Cufflinks essentially hold your cuffs together in place of a button. They’re a nice decorative little extra that you wouldn’t ordinarily wear and really help to tie your whole outfit together, don’t forget about them!
There are two key classic styles when it comes to men's formal shoes, the brogue and the loafer. The brogue is laced whilst the loafer is a slip on and they usually come in a mix of colours and fabrications. Black is classic and goes with everything while brown can look great against any lighter colours such as blue, match your belt to your shoes for a polished look!
Michael Adams from Michael84 suggests: “You should go for a pair of more formal Oxford or Derby shoes, with black being preferable, but it will come down to the choice of colour of your suit.”
The Pocket Square
Carl Thompson has put together this step by step guide on how to fold a pocket square, so simply pick your favourite and have a go.
“The pocket square is a timeless classic, which gives your suit a little sartorial depth along with adding your own personal style to your look. There are a large number of different pocket square folds to choose. From a simple square fold to extremely complicated ones that you’ll require a degree in origami to get right! Luckily for you, I have picked my three favourite styles that are easy to fold with maximum sartorial impact.”
The Scallop Fold
As far as pocket squares go, the complexity of this one is middle of the road but with maximum visual expression. Use this fold with soft silk pocket squares ideally with contrast colour rolled edges. This style is perfect for someone creative; it expresses an attitude and exudes confidence.
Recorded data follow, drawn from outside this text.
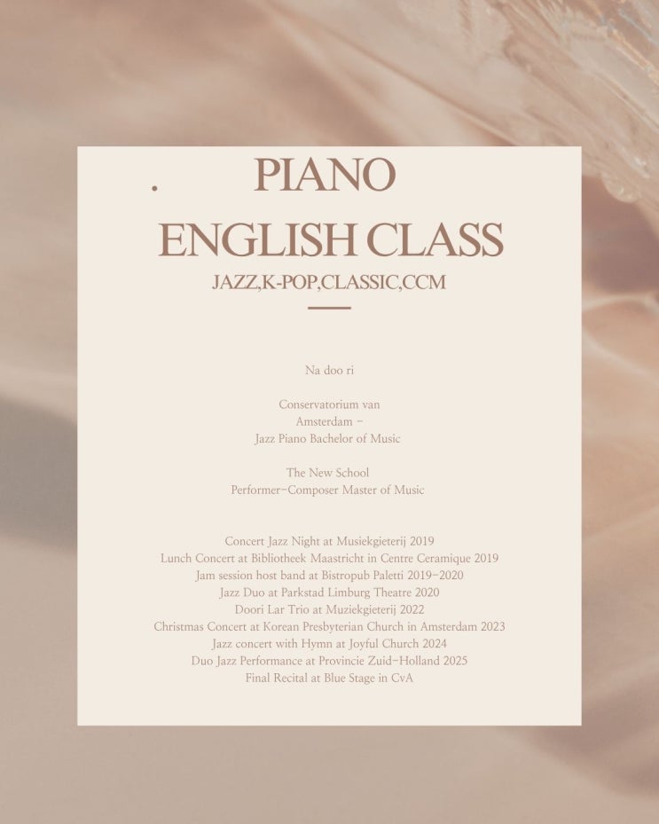 안녕하세요 파라디뮤직 아카데미 입니다. 주입식 클래식 피아노수업과는 차별화된 피아노 클래스가 개강했습니다. 수업을 맡아주실 나두리 선생님은 해외에서 오랜시간 유학생활과 음악활동을 하시다가 얼마전에 귀국하셔서 저희 파라디 뮤직 아카데미에 출강을 하고 계십니다. 클래식,재즈,k-pop,대중음악,CCM,작곡,화성학,시창청음 까지 전 장르 수업 가능합니다. 재즈,대중음악은 클래식과 다르게 창의력,창작능력,감수성등을 기르는데 탁월합니다. 본인 스스로의 감정을 표현하고 감수성,창의력을 발달하는데 좋은 영향을 미친다고 알려져있습니다. 영어수업을 희망하시는 학부모님들, 교포,외국분들을 위하여 영어 수업을 이번에 신설하였습....... <img src="https://blogthumb.pstatic.net/MjAyNjA0MjhfMTgy/MDAxNzc3MzUxMTI3MTgy.jF67YBGOCRIeDRU37hoqx-SxujLrNrWoi5b6ys7XrTgg._EpADPcgf6N6nUSTG3_PoSybuemcPeiVkwzZw25BUGgg.JPEG/Orange_and_White_Modern_Minimalist_Music_Fest_Instagram_Post_%281%29.jpg?type=s3" />
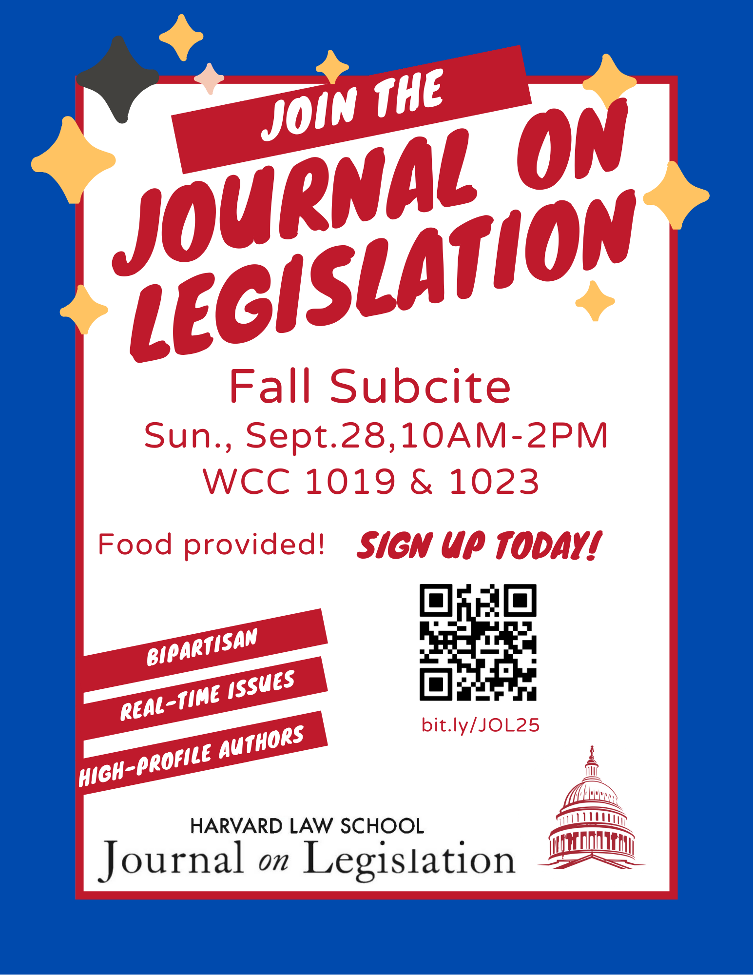 The Harvard Journal on Legislation is the nation’s premier legal journal focused on the analysis of legislation and the legislative process. First published in 1964, the Journal on Legislation is the third oldest journal at Harvard Law School. The Journal is published semi-annually, in winter and summer.
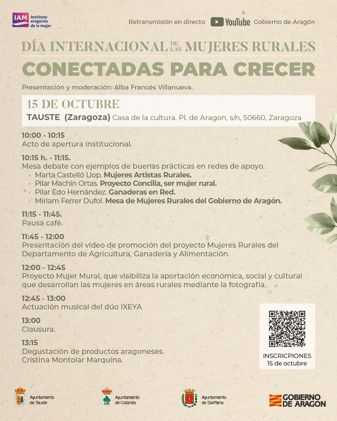 El evento principal de este 2025 tendrá lugar en la localidad zaragozana de Tauste. El lema escogido es “Conectadas para crecer” y se pretende poner en valor las redes de apoyo mutuo y cuidado que han caracterizado siempre las relaciones interpersonales de las mujeres, especialmente en el ámbito rural.
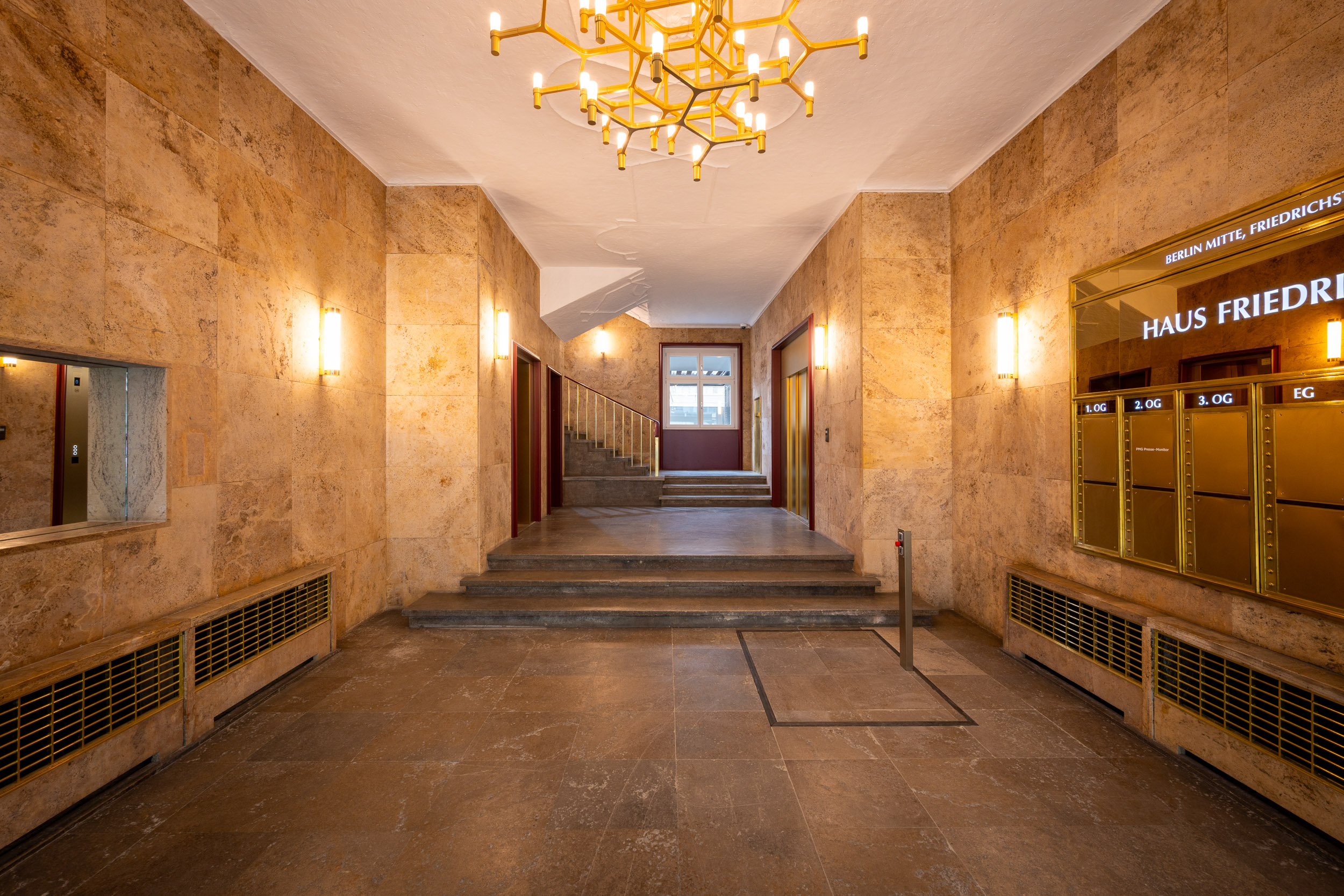 Das Haus Friedrichstadt als ein denkmalgeschütztes Büro- und Geschäftsgebäude im Stil spätexpressionistischer moderner Architektur der 20er Jahre liegt an der Friedrichstraße in Berlins Mitte. Im zentralen Eingangsfoyer und Haupttreppenhaus sind bauzeitliche Marmorbekleidungen sowie Decken im Stil des Art Déco und Messingbauteile im Original erhalten. Über der ebenerdigen Geschäftsetage liegen die leicht auskragende Bel Etage mit großzügiger Verglasung sowie vier weitere Obergeschosse für Büronutzung. Die Revitalisierung, nach Umbauten und Sanierung in den 50er und 90er Jahren, erfolgt in enger Abstimmung mit dem Denkmalschutz. Die einzigartigen Qualitäten des repräsentativen historischen Gebäudes verbinden sich mit der vollständig erneuerten technischen Ausstattung, so dass die Nachhaltigkeitszertifizierung gemäß Leed-Gold- Standard erreicht wird. Die Neustrukturierung der Sanitärkerne sowie die brand- und schallschutztechnischen Maßnahmen schaffen die Grundlage für konventionelle Büro-Raumaufteilungen mit Mittelflur bis hin zu großzügigen Open Space-Lösungen.

1. Start with the pocket square, square. 2. Fold the bottom left corner over to the top right. 3. Repeat with the bottom right to the top left. 4. Take the top left point of the triangle and fold over. 5. Do the same for the right hand point. 6. Tidy up by folding the bottom neatly.
The 3 Stairs Fold
This fold can be quite tricky if you use a soft silk pocket square so it’s best to use cotton or linen. If you are having difficulties getting all three folds in the correct shape, you can lightly iron on a very low heat to help keep its shape. Experiment with a different number of folds and different fold widths to suit your personal preference.
1. Start with the pocket square in a diamond shape. 2. Create 3 folds over lapping each other. 3. Pinch the 3 folds to keep them in shape and then fold the left part of the pocket square underneath itself. 4. Place on the counter and do the same with the right hand side.
The 4 Point Fold
This one requires a lot of folds so can be difficult, be patient and stick with it and you’ll reap the rewards. The king of pocket squares because it looks like a crown and you’ll stand out for all the right reasons.
1. Start with the pocket square in a diamond position. 2. Fold the bottom of the square up to the top, creating two peaks. 3. Fold the left hand side up to the top right, creating three peaks. 4. Do the same with the other side, creating four peaks. 5. Fold the left into the center. 6. Do the same for the right hand side. 7. Fold the bottom underneath itself to tidy up.
Finally, always give your suit a good test out in the store. Walk around and sit down, dance (if you dare) but make sure that you can move around easily. Remember that your suit should never look loose or baggy anywhere but you also want to make sure it isn’t strained or tight. You should comfortably be able to get two hands in between your chest and your suit, if you can’t you might need to go up a size.